Do we see within-question recall speeds increasing over time? What’s the general relationship between interval, repetition, and recall speed? We probably can’t define a general curve, but we can maybe say something like: “With each repetition, readers remember answers 20% faster. After 5 repetitions, not only remember all the answers—they remember them in under a second (and this corresponds to subjective self-efficacy).”
Do recall times predict subsequent success? Like: if I mark a question as forgotten after 2 seconds, am I much more likely to mark it as forgotten next time than if I’d marked it forgotten after 10 seconds? If I mark a question as remembered after 2 seconds, am I much more likely to mark it as remembered next time than if I’d marked it remembered after 10 seconds? What are the exceptions?
If recall times are predictive, maybe we can use them to define some of the general relationships that are hard to access with our overly-discrete accuracy data.
Probabilities probably aren’t real—how can we ditch them?
Almost all the literature around spaced repetition (and related models like item-response theory) use recall probability as the dependent variable. The “forgetting curves” which people normally draw put probability on the y axis. That might work as a model, but I don’t think it reflects reality: is the underlying cognitive phenomenon essentially stochastic?

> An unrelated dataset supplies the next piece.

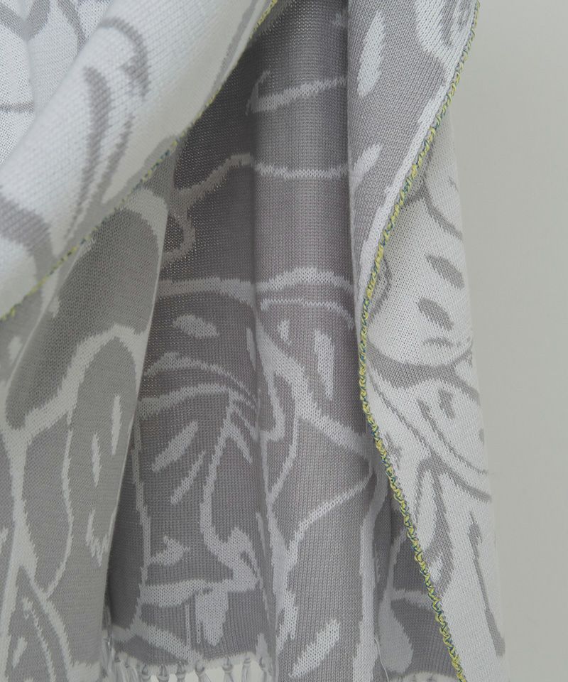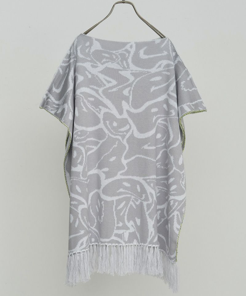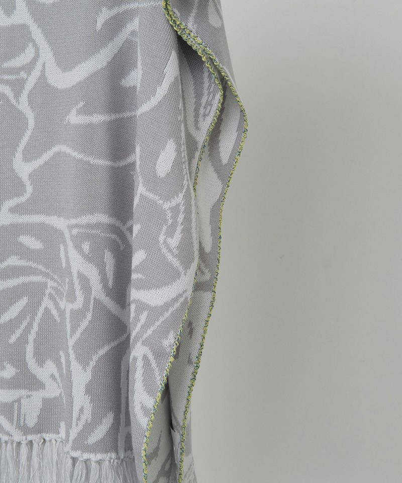 ポンチョの形状で、サイドはハンドステッチでトリミング、裾は手付けでフリンジを取り付けています。

My (poor) understanding of the neurophysiology is that memory decay is a function of various environment-dependent processes. Those processes are roughly Poisson-ish, so a probability is a hazy way to describe the cumulative state of the system. Is there some way to ditch probabilities as a measure, to get closer to the underlying processes?
Is anything ever truly forgotten?
Say that I practice a question a few times, so that it becomes somewhat stable, and then I leave it alone for a really long time, until it feels quite forgotten. Then I test myself, mark it as forgotten, and review the correct answer.
Now, does the memory decay very quickly, as if I’d just learned it anew, or does it immediately regain a large fraction of its former stability?
To put it another way: does doing any review at all make it easier to recall material on-demand in the future, even if you might need a reminder at first? If so, that has powerful implications for these systems: for low-priority knowledge, you might want to review the questions a few times, just to get an initial encoding, then push them out a year+ for a refresher.